Frankly, your eyes would cross if I provided a full list of every type of cover letter. I believe there’s only one cover letter, but over the years, professionals have taken up to calling the cover letter by more specific names to help define the purpose of the letter. For example, in my article entitled purpose of a cover letter, I highlighted only a small number of of cover letter types; i.e. resume cover letter, cold-contact letter, and follow-up letter.
No doubt, most job searches will require different cover letters with varying written content that matches the goal of the letter. For example, here are a few select cover letter types you may need throughout your job-search campaign:
COLD-CONTACT COVER LETTER
A letter sent to a company, which may not have publicly advertised open positions. Simply put, you’re sending a introduction to what a sales professional would call a “cold contact.” They don’t know you. They aren’t expecting correspondence from you.

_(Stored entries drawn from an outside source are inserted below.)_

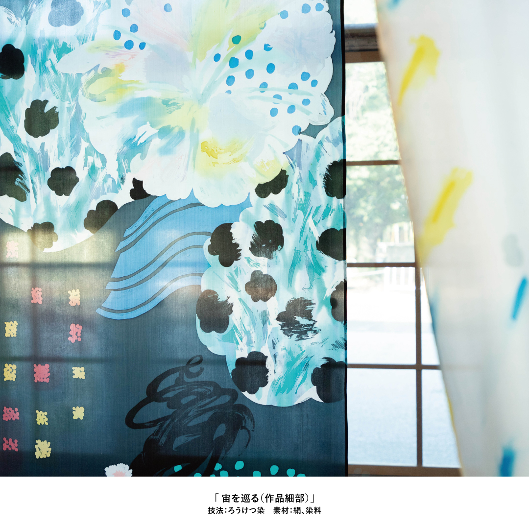 染めることで得られる素材自体の発色と、絵の具とは異なる質感に魅せられ、日本最古の防染技法である「ろうけつ染」という表現手法で作品を制作しています。染色は物質自体を発色させる行為です。染液が繊維の芯まで染み渡った時、柔らかな布の質感と色彩は、各々の記憶の中にある美しい景色の煌めきを呼び起こしてくれると考えています。伝統の技術を生かした独自の空間造形作品を展開し、人々の胸を打つような作品を目指して制作に励んでいます。
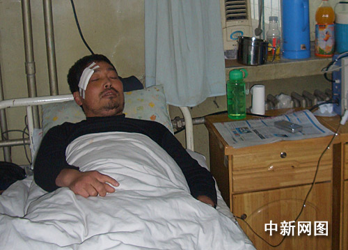 記者在石家莊市第二醫院骨科ICU病房見到霍辰輝時,他的眼部因縫合傷口還蒙著紗布,頭部被打部位還沒有消腫,因腰椎骨折不能下床的霍辰輝無奈地講述著那天的遭遇。
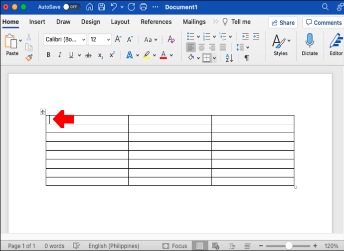 Depois de criar a tabela, clique na âncora na parte superior canto esquerdo da tabela até selecionar toda a tabela.
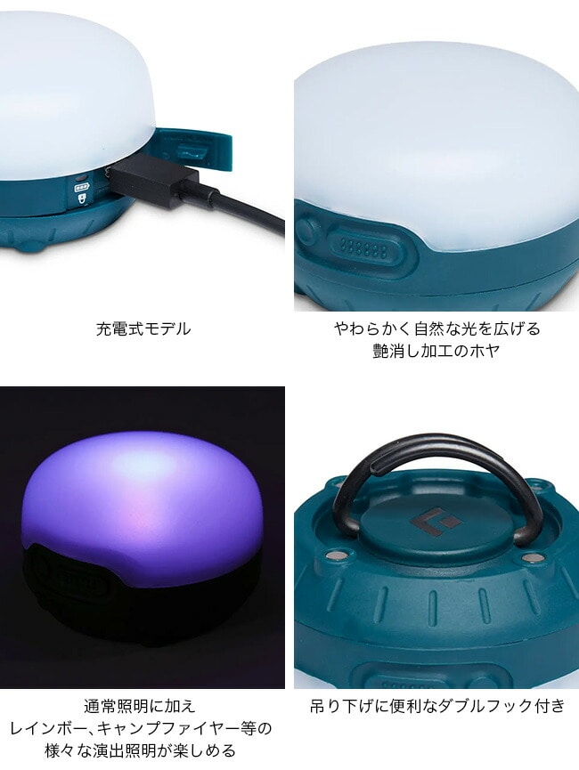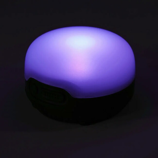 アウトドアから日常使いまで、場所を選ばず手軽に持ち運べる設計が魅力です。最大200ルーメンの白色ライト(点灯・ストロボ)に加え、フルカラーのレインボーライトや、リラックスした雰囲気を演出するキャンプファイヤーモードを搭載。
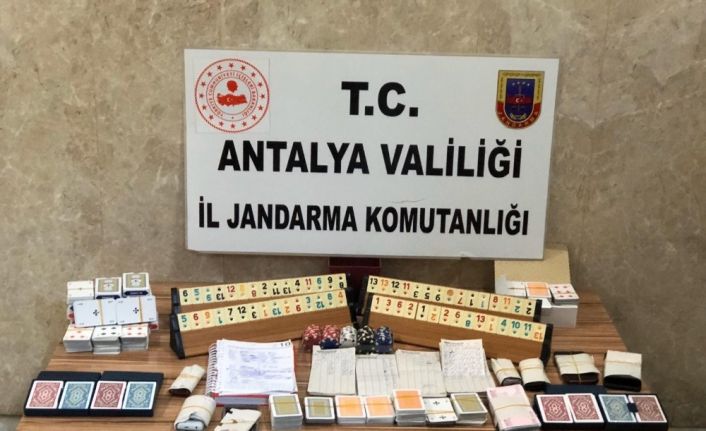 Alanya Cumhuriyet Başsavcılığının koordinesinde Alanya İlçe Jandarma Komutanlığına bağlı ekipler, Kargıcak Mahallesi’nde Y.D.’ye ait üç katlı villada korona virüsü tedbirleri ihlal edilerek kumar oynandığı bilgisi üzerine harekete geçti. Bir süre teknik ve fiziki takip yapan ekipler, belirlenen adrese dün akşam saatlerinde baskın düzenledi. Baskında villanın odalarında yuvarlak masa ve sandalyeler konularak kumarhane çevrildiği tespit edildi. Yapılan aramalarda kumar oynamaya yarayan çok sayıda deste iskambil kağıdı, okey ıstakaları, okey taşları, yaz boz kağıtları ve oyun pulları ele geçirildi.
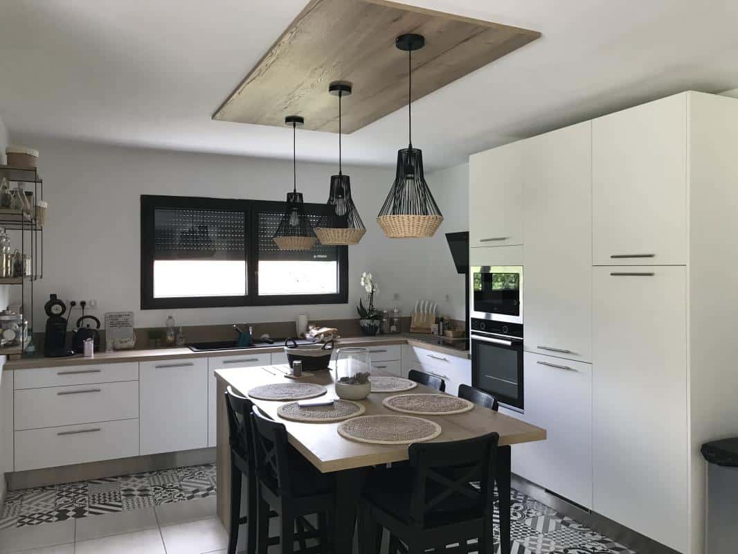 Projet maison + terrain : Ce bien de 90 m2 avec porche rentrant se compose d’une spacieuse pièce de vie avec cuisine ouverte sur le salon séjour, de 3 chambres avec placards intégrés.
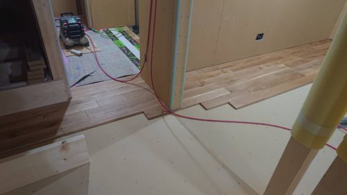 ↓階段が終了し、一階の無垢のフローリングが貼られていきます。
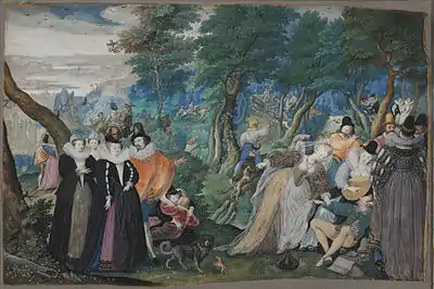 The bodices of French, Spanish, and English styles were stiffened into a cone or flattened, triangular shape ending in a V at the front of the woman's waist. Italian fashion uniquely featured a broad U-shape rather than a V.[14] Spanish women also wore boned, heavy corsets known as "Spanish bodies" that compressed the torso into a smaller but equally geometric cone.[23] Bodices could be high-necked or have a broad, low, square neckline, often with a slight arch at the front early in the period. They fastened with hooks in front or were laced at the side-back seam. High-necked bodices styled like men's doublets might fasten with hooks or buttons. Italian and German fashion retained the front-laced bodice of the previous period, with the ties laced in parallel rows.
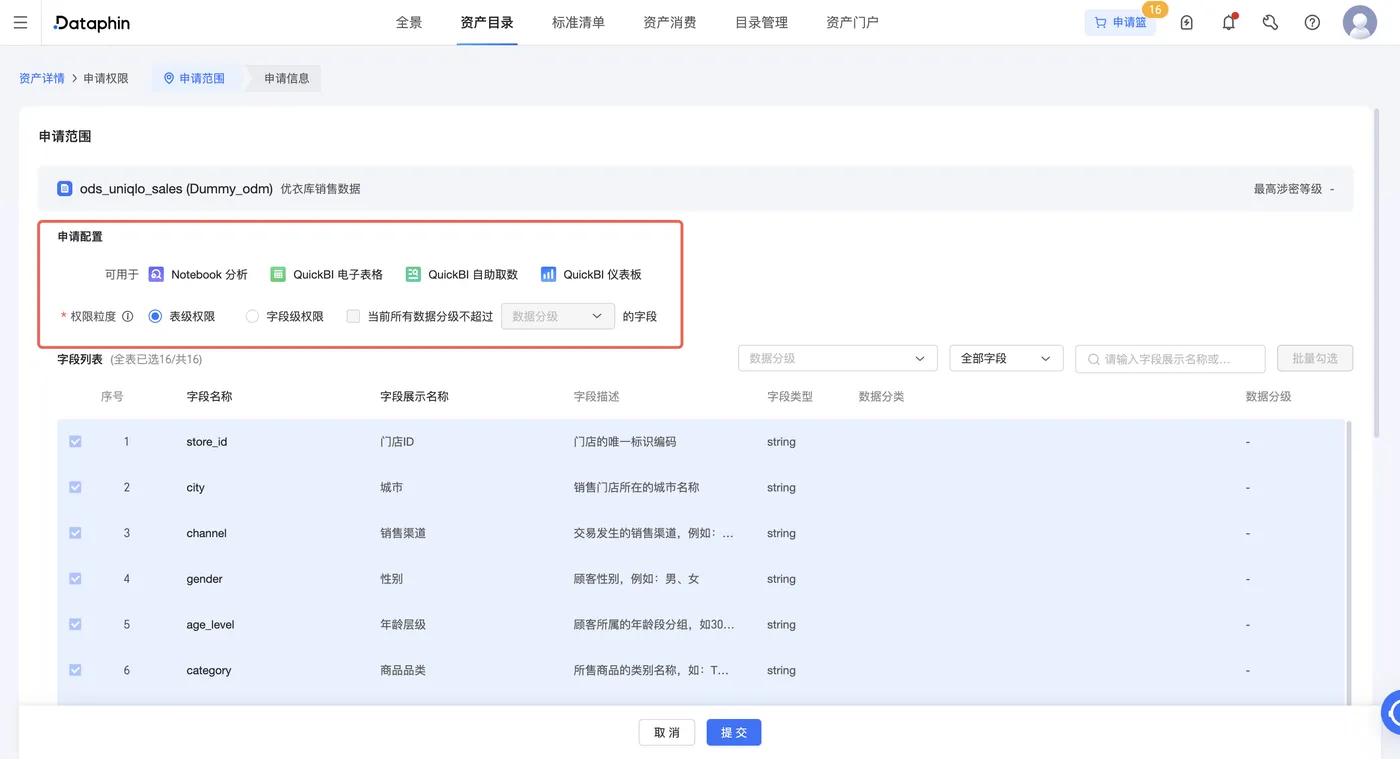 - 接下来,我们可以在资产目录中选择想要分析的数据表进行权限申请。
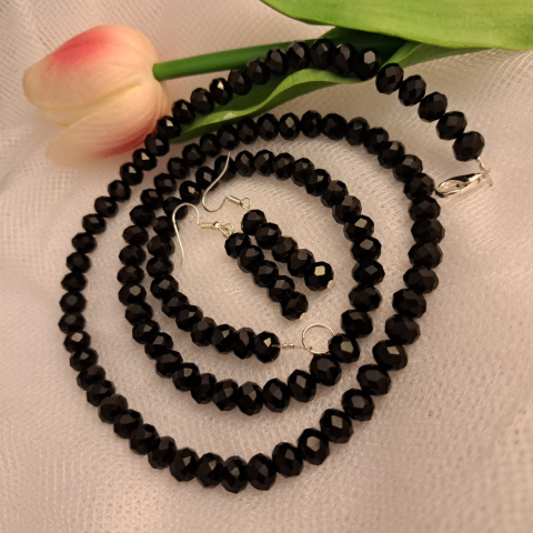 Egyszerű, de elegáns ékszerek kedvelőinek ajánlom ezt az extrán kidolgozott csiszolt üveg szettet. Hozzá illő fülbevalóval. Szélesség: 0,8 cmHosszúság: 70 cm
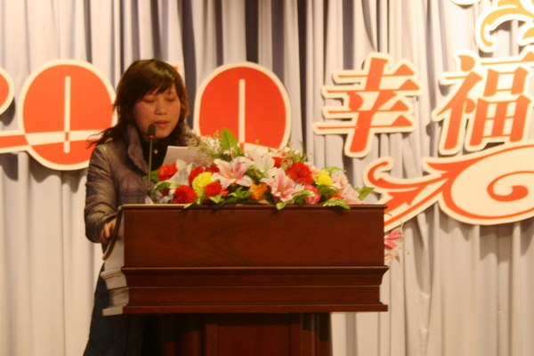 第二个环节是以“2010,幸福在路上”为主题的专场会,活动在音乐组老师的一曲《幸福马小》的深情演唱中拉开帷幕,七位老师围绕“幸福”,在多媒体画面的衬托下,在悠扬的音乐的渲染中,以演讲的形式讲述了马小和谐氛围中工作的幸福,实施绩效工资的幸福,工作中成就自我的幸福,经历马小巨变的幸福,经历百年校庆的幸福和在读书中感悟的幸福,周小萍校长和金全发校长还宣布了马杭片优秀通讯稿和沙龙名帖的表彰决定,最后活动在幼儿园老师婀娜的舞姿和亮丽的嗓音演绎的一首《幸福万年长》中徐徐落下帷幕。
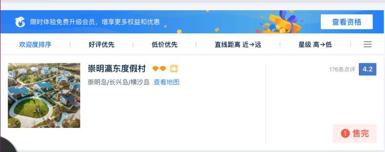 崇明最热门的酒店怡沁园度假村在网络预订平台上,从5月1日到3日的房间都已经售完,5月4日的房间较为紧张。此外,瀛东度假村、明珠湖度假村也出现个别时段在平台显示“售完”的情况。
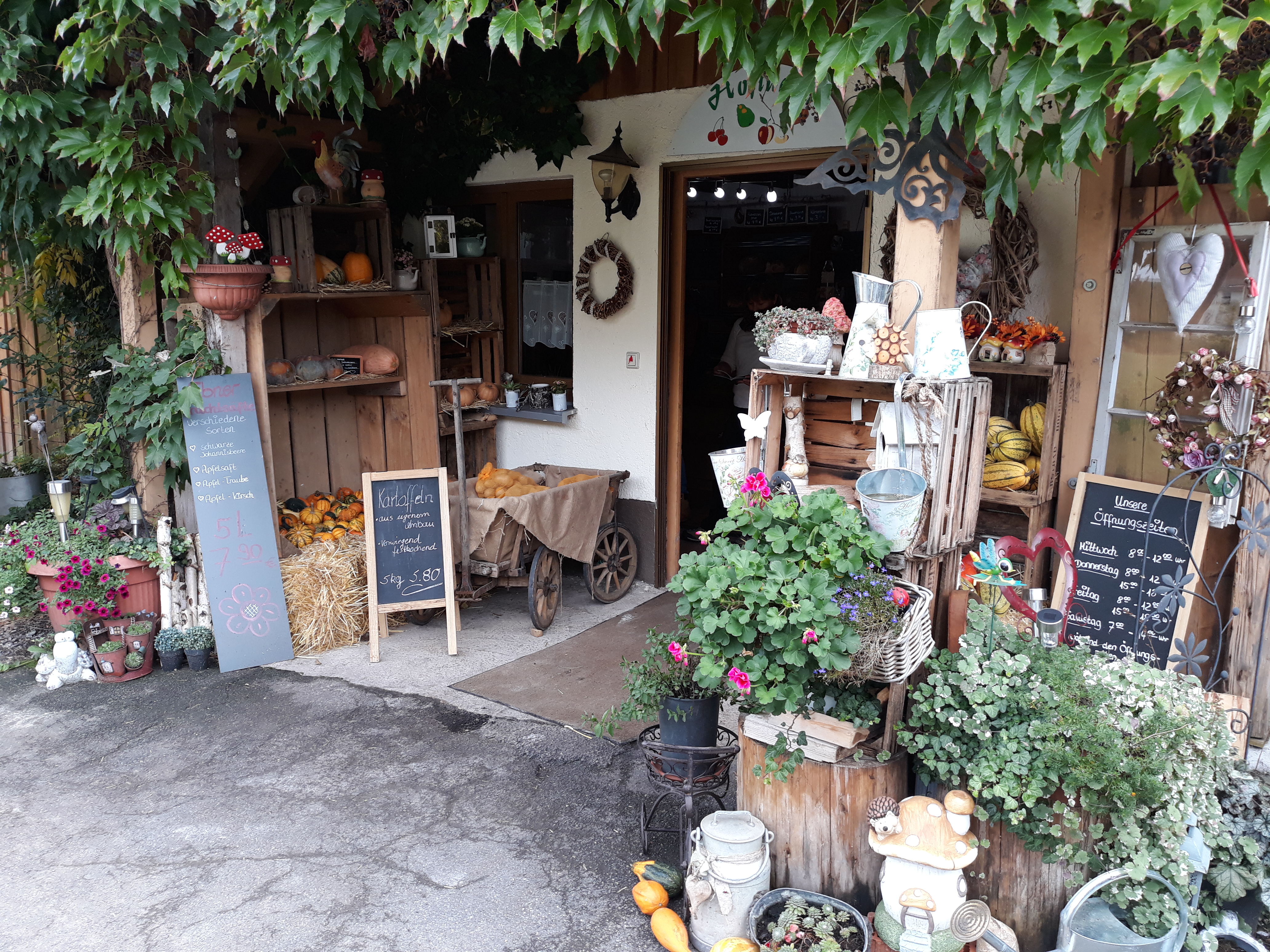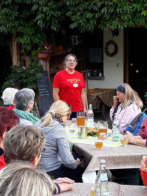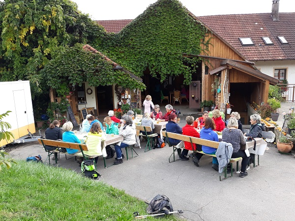 In Birndorf wurden sie beim liebevoll dekorierten Hofladen Thoma von der Inhaberin Elisabeth Thoma und ihrer Tochter mit Zwiebel- und Kürbisdünne bewirtet. Natürlich durfte auch der frische Apfelsaft nicht fehlen. Da es das Wetter mit den Frauen gut gemeint hatte, konnten sie während ihrer Rast draussen im Hof sitzen. |

A cold-contact cover letter means you’re making an introduction with the hopes that your resume will arrive at an opportunistic time. With that, your letter may spark enough interest to result in a job interview. For obvious reasons, a cold-contact letter will generate the fewest leads. Your correspondence will be faced with many obstacles, such as a strained hiring department, the potential that a position doesn’t exist for you, and possibly, your skill set doesn’t match their needs … even if they abruptly start hiring while your letter is in transit. A cold-contact letter is also known as an introductory or broadcast letter.
JOB-SPECIFIC COVER LETTER
The most promising cover letter to send is the one sent for an open position. They need … you want … seems win/win to me. =] The company is seeking a new recruit and you’re perfect for the position; therefore, you write a cover letter that highlights the key mentionables of your career in relation to the company’s needs. A job-specific letter is also known as an ad-response letter.
REFERRAL COVER LETTER
Probably one of the best producers, a referral cover letter means that you’ve been referred to the company through a mutual acquaintance. It’s best to mention your referrer within the intro paragraph of your letter, and preferably, place their name as prominently towards the top of the content as possible (first sentence would be great!). A referral letter is also known as a networking or sponsor letter. Since networking is still king when locating prime employment opportunities, a referral letter represents your best chances.
FOLLOW-UP COVER LETTER
A follow-up letter seems like a last ditch effort on the part of a jobseeker, but it can actually “make” your candidacy in some cases. Companies don’t always make hiring decisions when expected, so sending a follow-up letter a couple weeks after the submission of your original resume and cover letter, or a few days after an interview, can actually reflect your ambition and dedication to the employer — and in some cases, making you a more viable option to employers.
When sending a follow-up letter, list new and unique content whenever possible. Try not to regurgitate details contained in your original cover letter. Instead, expand upon those details that put new angles or views on your work history and list of accomplishments. A follow-up letter could be referred to as a reintroduction or thank-you letter.
The terminology may throw you, but their meanings aren’t a mystery. Be sure to utilize unique content regardless of which cover letter type you use. The one complaint that hiring managers have with jobseekers is that they oftentimes receive letters that are blatantly canned … and probably boring. When sending a letter, whether the content is canned or unique to the specific company and recipient, be sure that the reader is left with the impression that the letter was written specifically for him … no exceptions.
Written originally in August 2005; Revised and republished in February 2010.